*** Opening GIVEN DATA ***

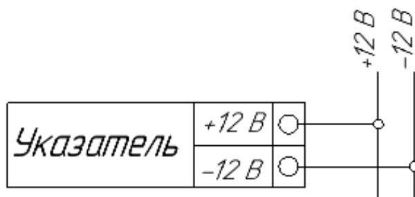
Рисунок 3 - Схема подключения указателя к сети
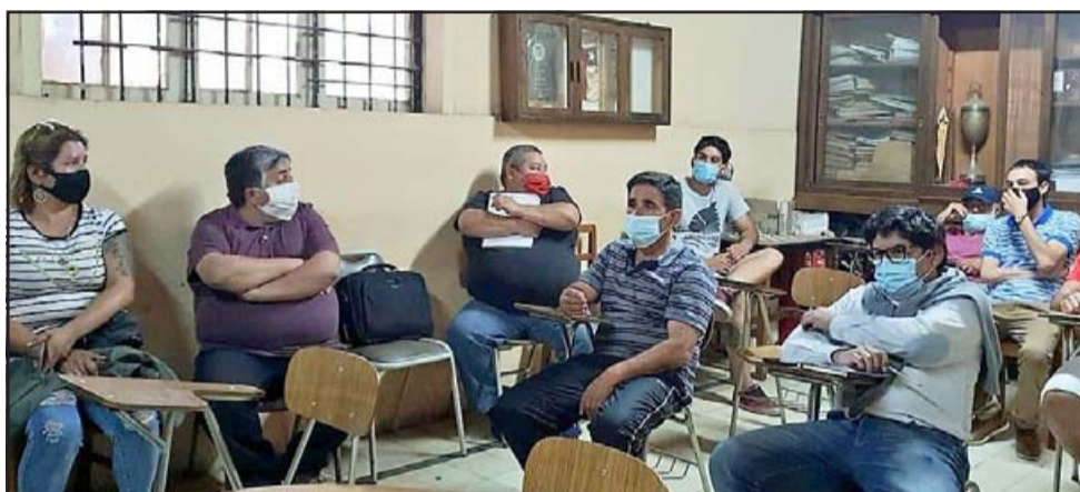
A la cita asistió la mayoría de los presidentes de los clubes que son parte de la asociación de fútbol de San Felipe.

pio. La verdad yo sigo en el predicamento de 'ver para creer' y solo resta esperar que de una vez por todas logremos algo y al fin las promesas sean una realidad», afirmó el dirigente.

*** Closing GIVEN DATA ***

Retype the whole listing exactly and leave the pictures out.

= EXERCISE OUTPUT =
Рисунок 3 - Схема подключения указателя к сети
A la cita asistió la mayoría de los presidentes de los clubes que son parte de la asociación de fútbol de San Felipe.

pio. La verdad yo sigo en el predicamento de 'ver para creer' y solo resta esperar que de una vez por todas logremos algo y al fin las promesas sean una realidad», afirmó el dirigente.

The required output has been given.